What’s worse than a trojan virus? Perhaps a fake trojan virus. Fake trojans appear in the form of a pop-up window, usually in a browser and claim that your computer has been infected at that you need to take urgent action to get rid of it. This article will deal with what you should do if you find yourself in that situation. If you think you’ve downloaded a real trojan virus, read this article on how to get rid of it.
What is the “we have detected a trojan virus” scam?
This scam, also known as “e.tre456_worm_osx” after the name of the worm it claims to have found, displays a pop-up window, with an Apple logo in red (designed to both scare you and make you think the warning is from Apple) and text that says your system is infected with viruses. The headline text is also in red, along with text in black that says “immediate action required”. The window may be accompanied by a high-pitched alarm tone which is also designed to scare you into taking action. There’s a button at the bottom of the window that says “Scan” and the whole thing is designed to get you to press that button. Like most malware, it relies on a combination of fear and urgency to scare you into taking action before you have a chance to rationally consider whether there really is something wrong with your Mac.

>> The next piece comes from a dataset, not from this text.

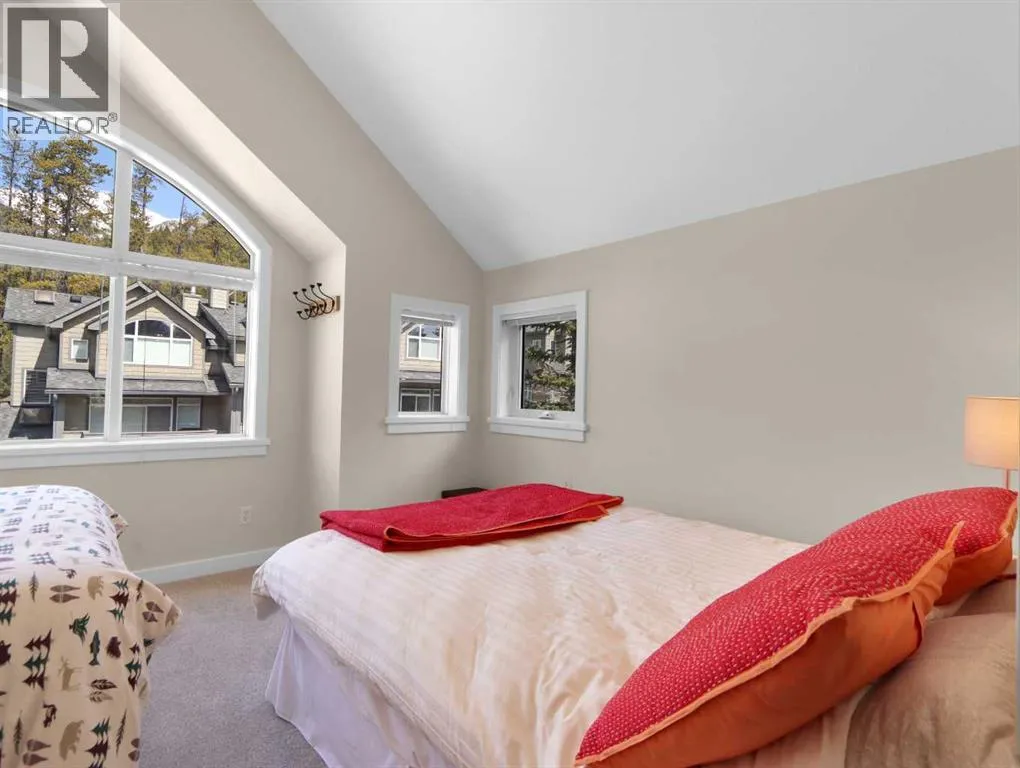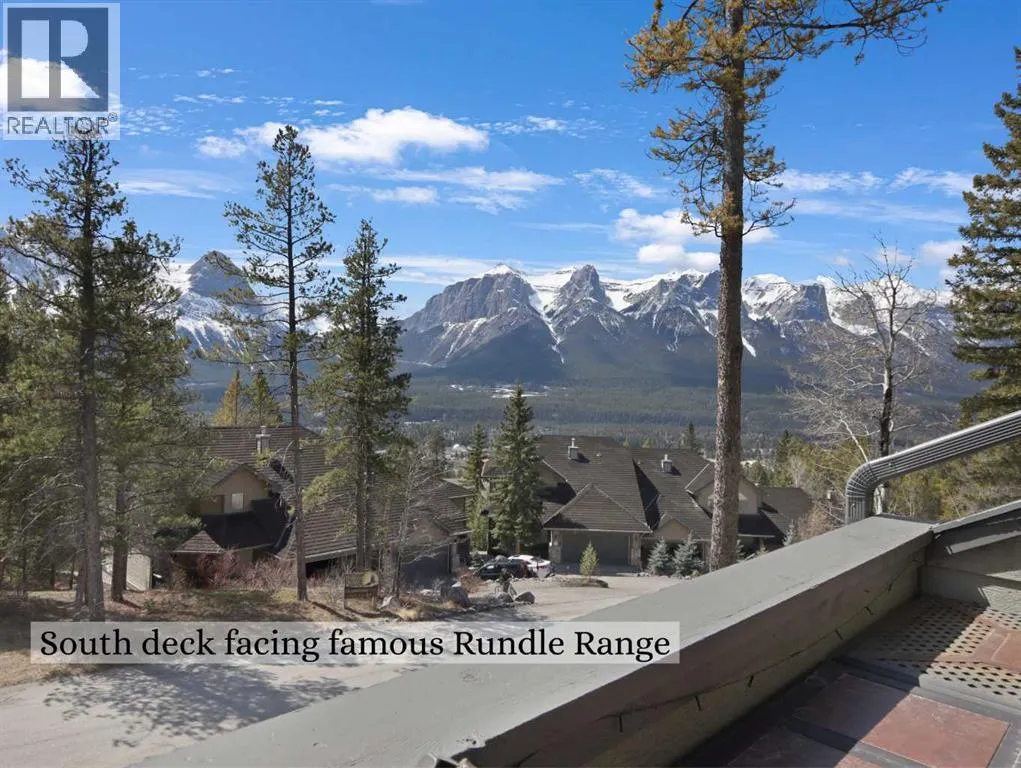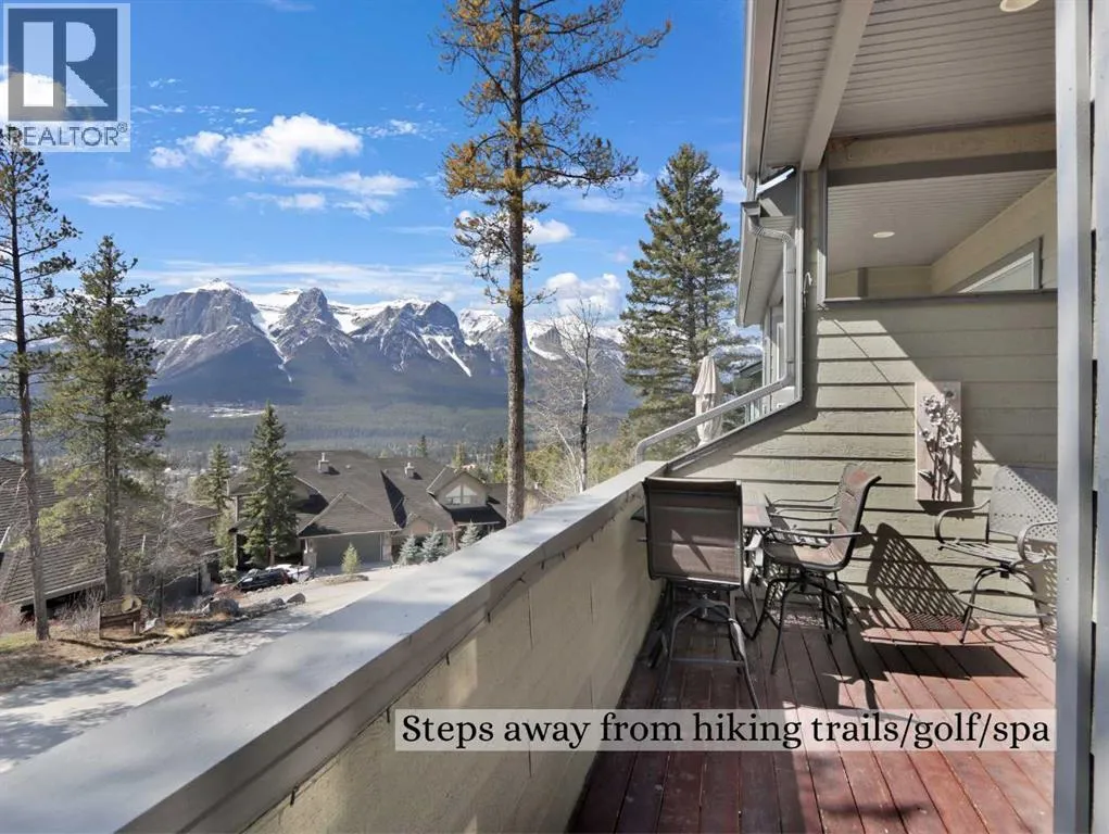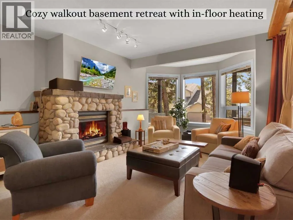 Immerse yourself in breathtaking mountain views from every angle of this 3 bedroom open-plan 2,785 sqft half duplex in Silvertip. The grand foyer leads to a living room with soaring cathedral ceilings, a striking stone-surround gas fireplace, and an impressive wall of south-facing windows. Multiple decks throughout the property provide unparalleled vantage points for soaking in the sun & mountain views. A few steps up is the dining room and spacious kitchen, complete with a versatile nook/office area. Upstairs, the generous primary suite boasts vaulted ceilings, captivating views, and a luxurious 5-pce ensuite. A second large bedroom with a 4-pce ensuite and a laundry room complete this floor. The walkout lower level features a 3rd bedroom & family room (or 4th bedroom) with another stone-surround gas fireplace, south-facing windows, a view patio, a wet bar, and a 4-pce bath-all with in-slab heating. A heated double garage and ample storage make this home truly exceptional. (id:27476)

What should I do if I see the fake trojan?
If you see it in a web browser, close the window immediately and close the tab or window of the site you visited that hosted the pop-up. Don’t visit it again. If you don’t know which site launched the window, or if the window won’t let you close it, quit the browser. If you can’t access the menu and pressing Command-Q doesn’t work, force quit it either by pressing Command-Option-Escape and selecting Force Quit in the window that opens, or by right-clicking the browser’s icon in the Dock and choosing Force Quit.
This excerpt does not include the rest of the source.